Prompt> What is needed is an exact transcription of the listing, with the images removed.
Information provided Block Start
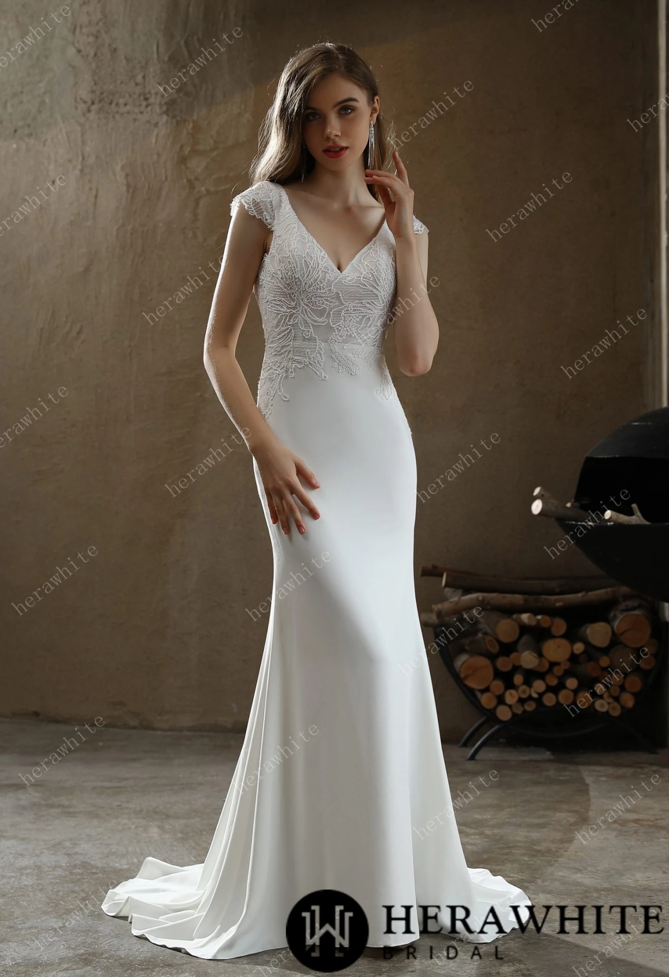 - Avantage : Robe De Mariée Fourreau Avec Jupe En Tulle manches courtes, dentelle florale, traîne, col V, tulle détachable
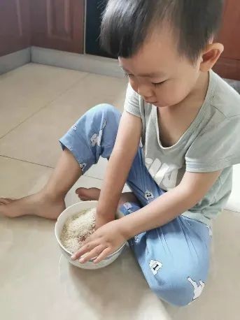 孩子在无限允许的情况下,才有更多的机会挖掘他自己的潜能。小家伙对米情有独钟。每次煮饭的时候,小家伙总是吵着让他来量米。量好米,还喜欢用量米桶再舀再倒,一次次不断地尝试。后来,干脆就用手反反复复去抓。有时会把米撒了一地,我就对他说:“这么多米撒出来多可惜,下次松手的时候,要把米放到这个米桶里哦。”有一次,他惊奇地叫道:“妈妈,我按出了一个手印。”孩子在不断的摸索中有所发现,获得内心的喜悦。
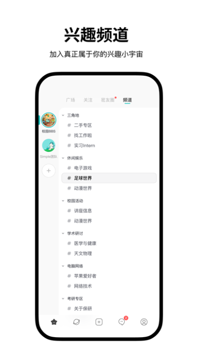 兴趣频道:汇聚各类兴趣社群,围绕共同爱好展开深度交流,拓展人脉。
Information provided Block End
Exercise solution>
 - Avantage : Robe De Mariée Fourreau Avec Jupe En Tulle manches courtes, dentelle florale, traîne, col V, tulle détachable
 孩子在无限允许的情况下,才有更多的机会挖掘他自己的潜能。小家伙对米情有独钟。每次煮饭的时候,小家伙总是吵着让他来量米。量好米,还喜欢用量米桶再舀再倒,一次次不断地尝试。后来,干脆就用手反反复复去抓。有时会把米撒了一地,我就对他说:“这么多米撒出来多可惜,下次松手的时候,要把米放到这个米桶里哦。”有一次,他惊奇地叫道:“妈妈,我按出了一个手印。”孩子在不断的摸索中有所发现,获得内心的喜悦。
 兴趣频道:汇聚各类兴趣社群,围绕共同爱好展开深度交流,拓展人脉。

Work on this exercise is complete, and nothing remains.